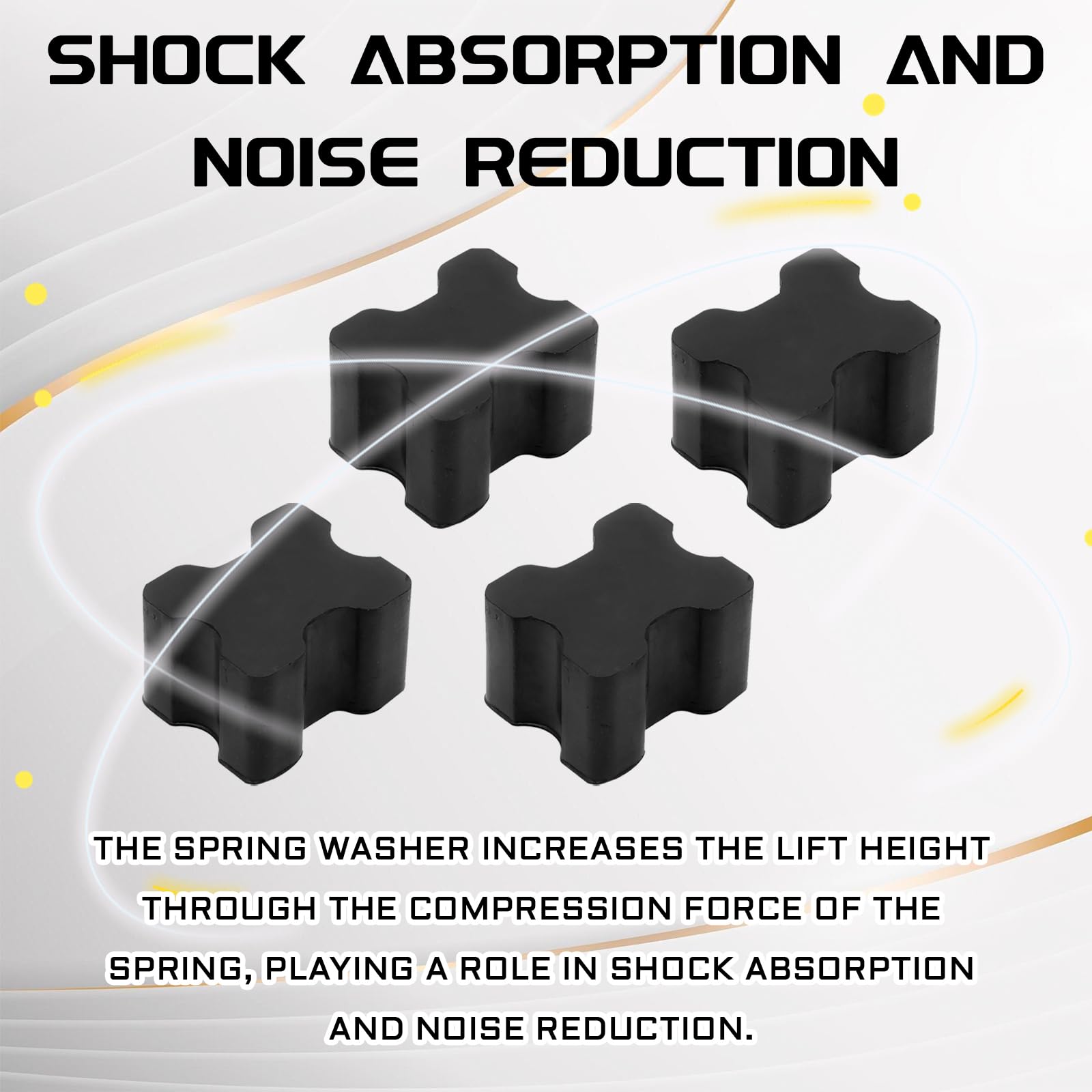 【Performance Enhancement】The effective cooperation of the car coil spring lifter and the spring rubber gasket can solve the problem of weak springs under heavy loads. It can evenly disperse the force when bearing the pressure and impact force of the coil spring, and effectively prevent the spring from being deformed or damaged due to uneven local force
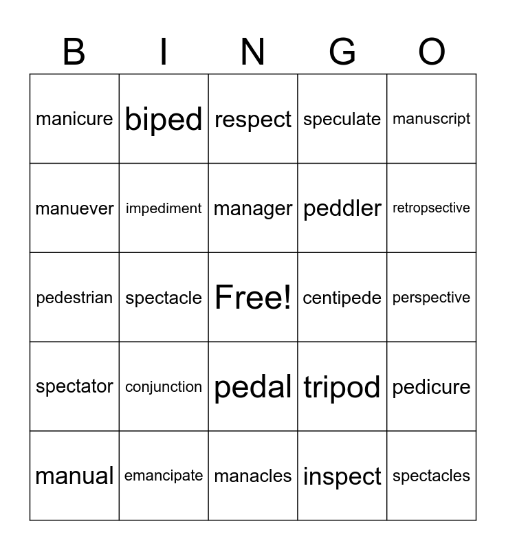 This bingo card has a free space and 24 words: conjunction, emancipate, manager, manual, manuscript, manicure, manuever, biped, centipede, pedal, peddler, pedestrian, tripod, pedicure, impediment, inspect, perspective, respect, retropsective, spectacle, spectacles, spectator, speculate and manacles.
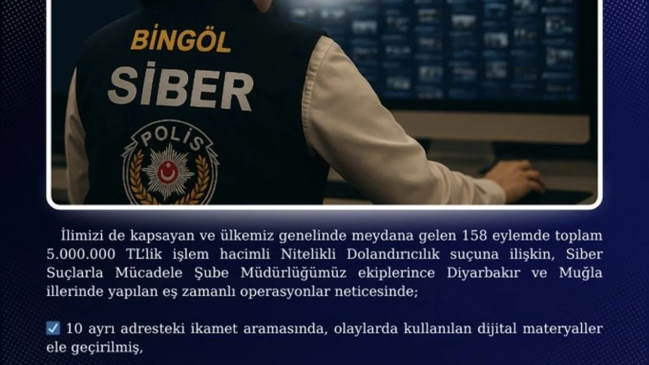 Bingöl İl Emniyet Müdürlüğü, ülke genelinde meydana gelen 158 eylemde toplam 5 milyon TL’lik işlem hacimli "nitelikli dolandırıcılık" suçuna ilişkin çalışma yaptı. Siber Suçlarla Mücadele Şube Müdürlüğü ekiplerince Diyarbakır ve Muğla illerinde yapılan eş zamanlı operasyonlar neticesinde; 10 ayrı adreste operasyon düzenlendi. Operasyonda 9 şüpheli gözaltına alındı. Bingöl’e getirilen şüphelilerden 4’ü savcılık tarafından biri ise adli kontrol kararı ile serbest bırakıldı. 4 şüpheli ise tutuklanarak cezaevine gönderildi.

▸ Task directions
Print, please, exactly the lines from the one holding "This bingo card" through the final line of the data, both included, while leaving out each picture.

▸ Written answer
 This bingo card has a free space and 24 words: conjunction, emancipate, manager, manual, manuscript, manicure, manuever, biped, centipede, pedal, peddler, pedestrian, tripod, pedicure, impediment, inspect, perspective, respect, retropsective, spectacle, spectacles, spectator, speculate and manacles.
 Bingöl İl Emniyet Müdürlüğü, ülke genelinde meydana gelen 158 eylemde toplam 5 milyon TL’lik işlem hacimli "nitelikli dolandırıcılık" suçuna ilişkin çalışma yaptı. Siber Suçlarla Mücadele Şube Müdürlüğü ekiplerince Diyarbakır ve Muğla illerinde yapılan eş zamanlı operasyonlar neticesinde; 10 ayrı adreste operasyon düzenlendi. Operasyonda 9 şüpheli gözaltına alındı. Bingöl’e getirilen şüphelilerden 4’ü savcılık tarafından biri ise adli kontrol kararı ile serbest bırakıldı. 4 şüpheli ise tutuklanarak cezaevine gönderildi.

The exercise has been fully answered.